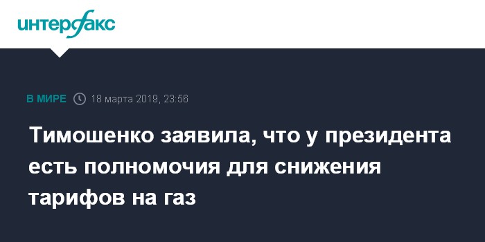 Тимошенко заявила, что у президента есть полномочия для снижения тарифов на газ
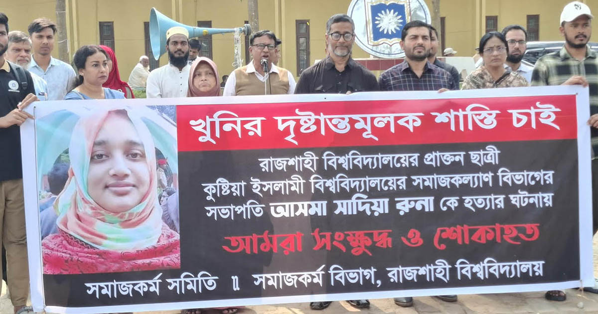 ইসলামী বিশ্ববিদ্যালয়ের (ইবি) সমাজকল্যাণ বিভাগের সভাপতি ও সহকারী অধ্যাপক আসমা সাদিয়া রুনা হত্যাকাণ্ডের বিচারের দাবিতে রাজশাহী বিশ্ববিদ্যালয়ে (রাবি) মানববন্ধন কর্মসূচি পালিত হয়েছে।
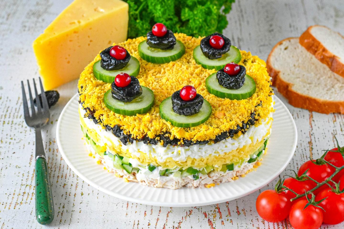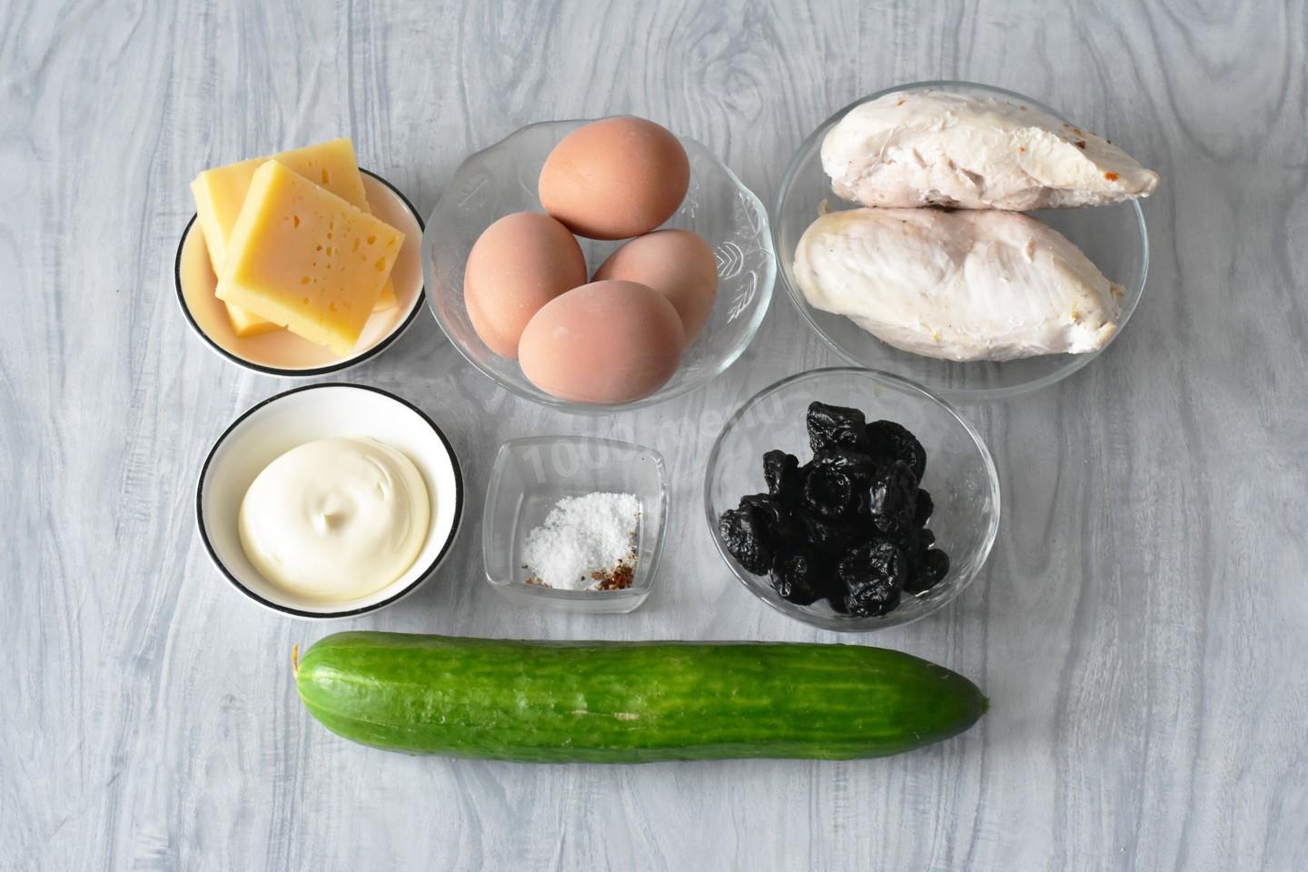 На блюдо установите кулинарное кольцо диаметром 15-16 см) и выложите слоями, промазывая каждый майонезом, запеченное куриное филе, огурцы, тертый сыр, тертые белки, чернослив и тертые желтки. Салат уберите на 1 час в холодильник для пропитки. Чтобы верхний слой не заветрился, накройте форму пищевой пленкой.

Task prompt:
The task requires the full listing to be given again verbatim, without its pictures.

Written response:
 Тимошенко заявила, что у президента есть полномочия для снижения тарифов на газ
 ইসলামী বিশ্ববিদ্যালয়ের (ইবি) সমাজকল্যাণ বিভাগের সভাপতি ও সহকারী অধ্যাপক আসমা সাদিয়া রুনা হত্যাকাণ্ডের বিচারের দাবিতে রাজশাহী বিশ্ববিদ্যালয়ে (রাবি) মানববন্ধন কর্মসূচি পালিত হয়েছে।
 На блюдо установите кулинарное кольцо диаметром 15-16 см) и выложите слоями, промазывая каждый майонезом, запеченное куриное филе, огурцы, тертый сыр, тертые белки, чернослив и тертые желтки. Салат уберите на 1 час в холодильник для пропитки. Чтобы верхний слой не заветрился, накройте форму пищевой пленкой.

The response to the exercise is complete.